FIG. 3c depicts an alternative arrangement where the edge profile has a notch 62 Which locally accelerates mixing and the interaction between the pilot and main zones. One of the further benefits of this arrangement has been an improved light round reliability in which the discrete discontinuity and locally accelerated mixing helps to promote flame kernel transfer between adjacent injectors.

Various modifications may be made without departing from the scope of the invention. In particular, components described with respect to one or more of the embodiments may be interchangeable with similar components described in other embodiments.

Whilst endeavouring in the foregoing specification to draw attention to those features of the invention believed to be of particular importance it should be understood that the Applicant claims protection in respect of any patentable feature or combination of features hereinbefore referred to and/or shown in the drawings whether or not particular emphasis has been placed thereon.

Claims

1. A fuel injector head for a gas turbine engine comprising: a pilot injector having a central axis, the pilot injector being arranged to direct fuel and air to a pilot combustion zone, a main injector located radially outwardly of the pilot injector and being arranged to direct fuel and air to a main combustion zone, a splitter separating the pilot injector from the main injector and comprising a body, the body defining an axis, an annular surface and a downstream edge wherein the annular surface has a circumferentially varied axial length so that interaction between the pilot combustion zone and the main combustion zone initiates from least two different axial positions.

2. A fuel injector head according to claim 1, wherein the downstream edge is of a generally sinusoidal form.

3. A fuel injector head according to claim 1, wherein the downstream edge is of a form which defines arcuate portions.

4. A fuel injector head according to claim 1, wherein the downstream edge has a notch.
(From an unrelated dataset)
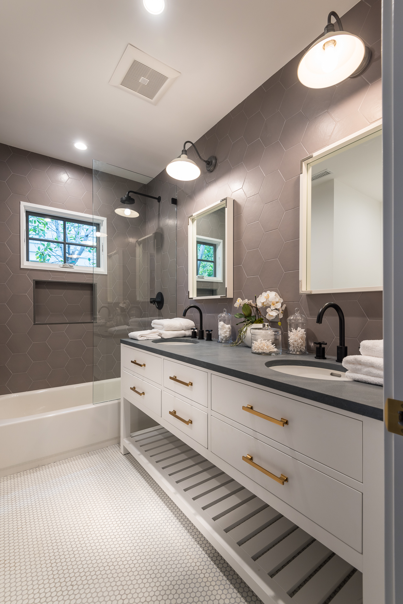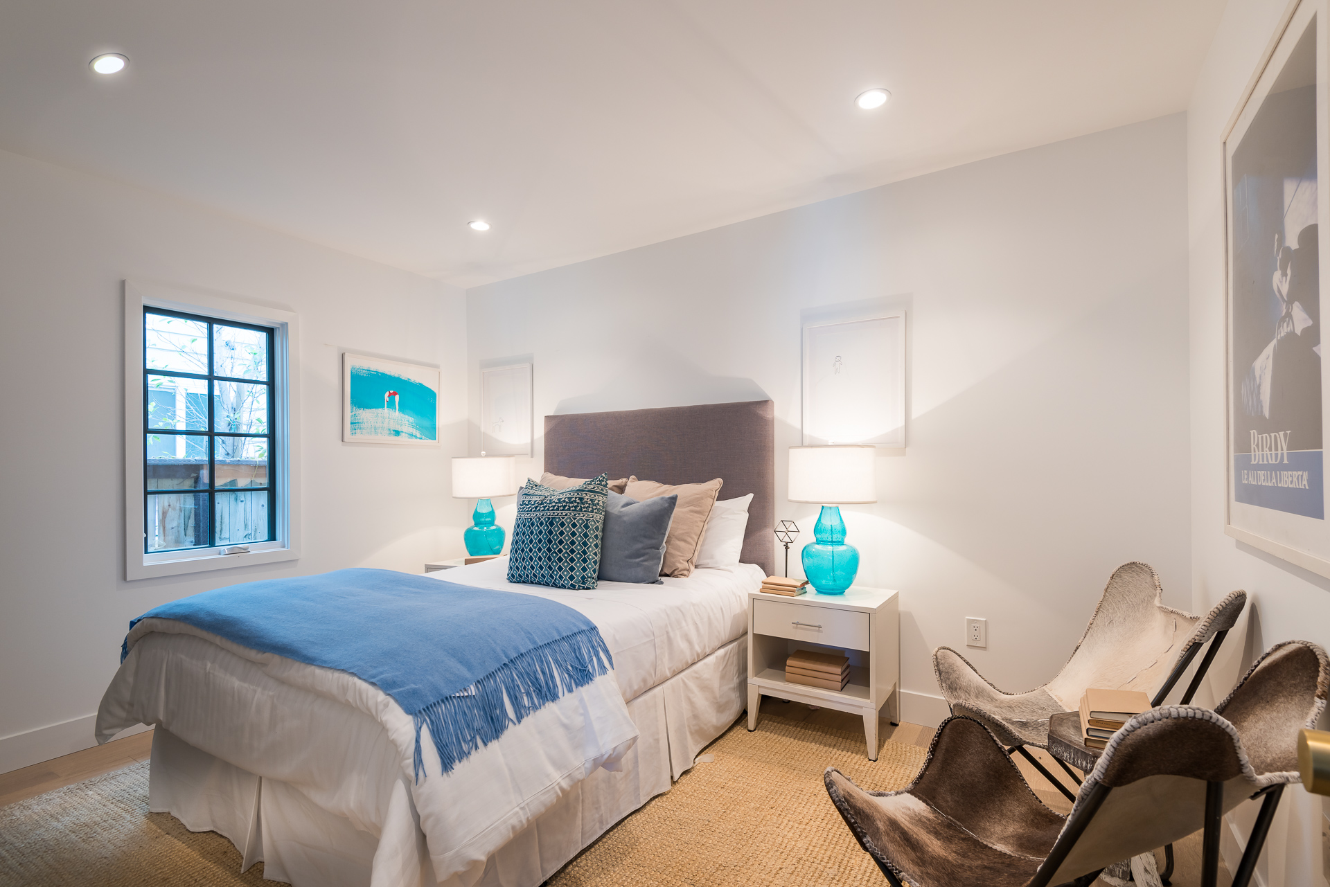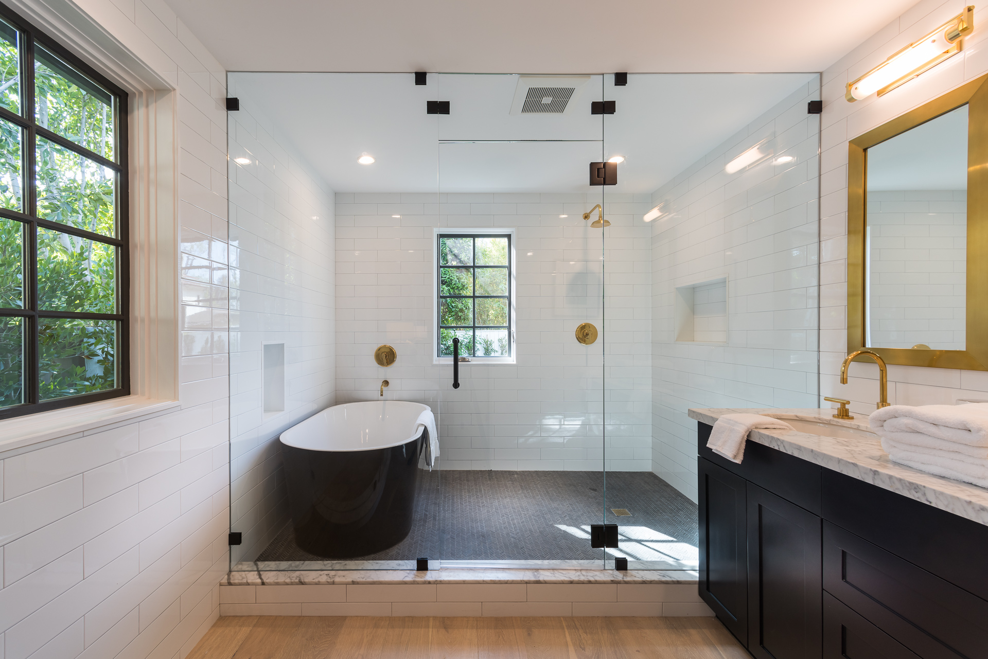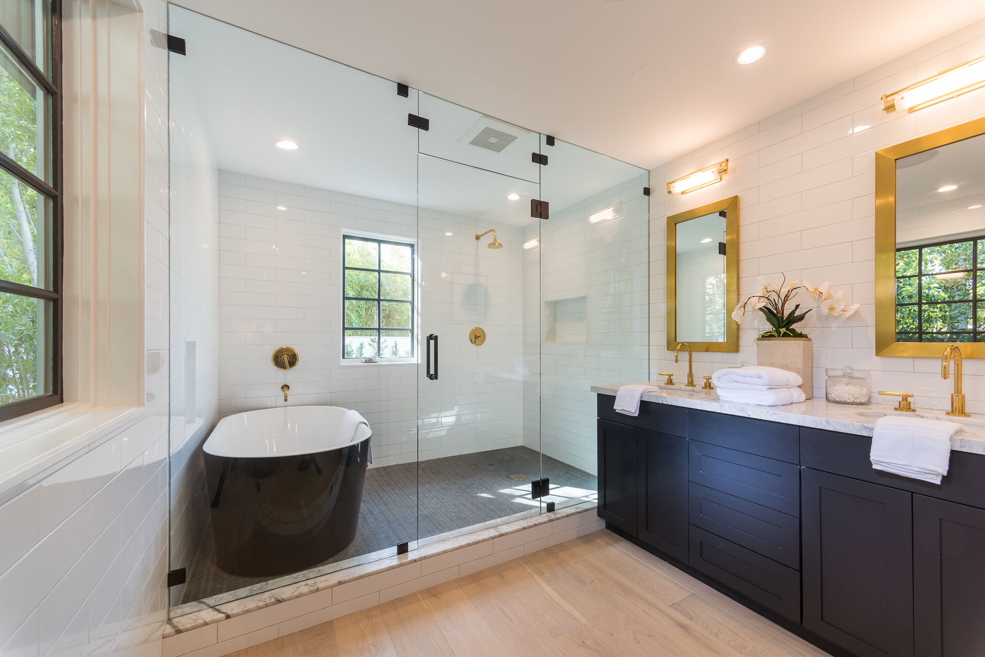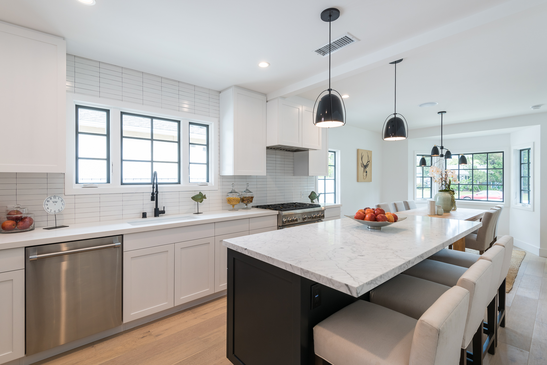 Completely rebuilt single-story farmhouse style home located in beautiful Sherman Oaks. This 3 bedroom, 3-bathroom home with nearly 2,100 sqft is the perfect family quarters. Stunning amenities throughout include spacious open floor plan with cozy dual fireplace. Elegant white kitchen is flooded with natural light, great for entertaining. Through the family room glass sliders you are greeted by a wooden deck, leading into the lush greens that surround the detached studio perfect for the coolest man cave, home office, or art studio. The master retreat lacks no details, from the barn door, to the master bath brimmed with gold details.

5. A combustor having a plurality of injectors according to claim 4.

6. A method of promoting flame kernel transfer between adjacent injectors in a combustor according to claim 5, the combustor having a circumferential swirl flow pattern, the method comprising the step of locating the notch in a circumferential position around at least one of the injectors to induce locally accelerated mixing between the pilot and main zones of the injector which is convected by the circumferential swirl flow pattern to an adjacent injector.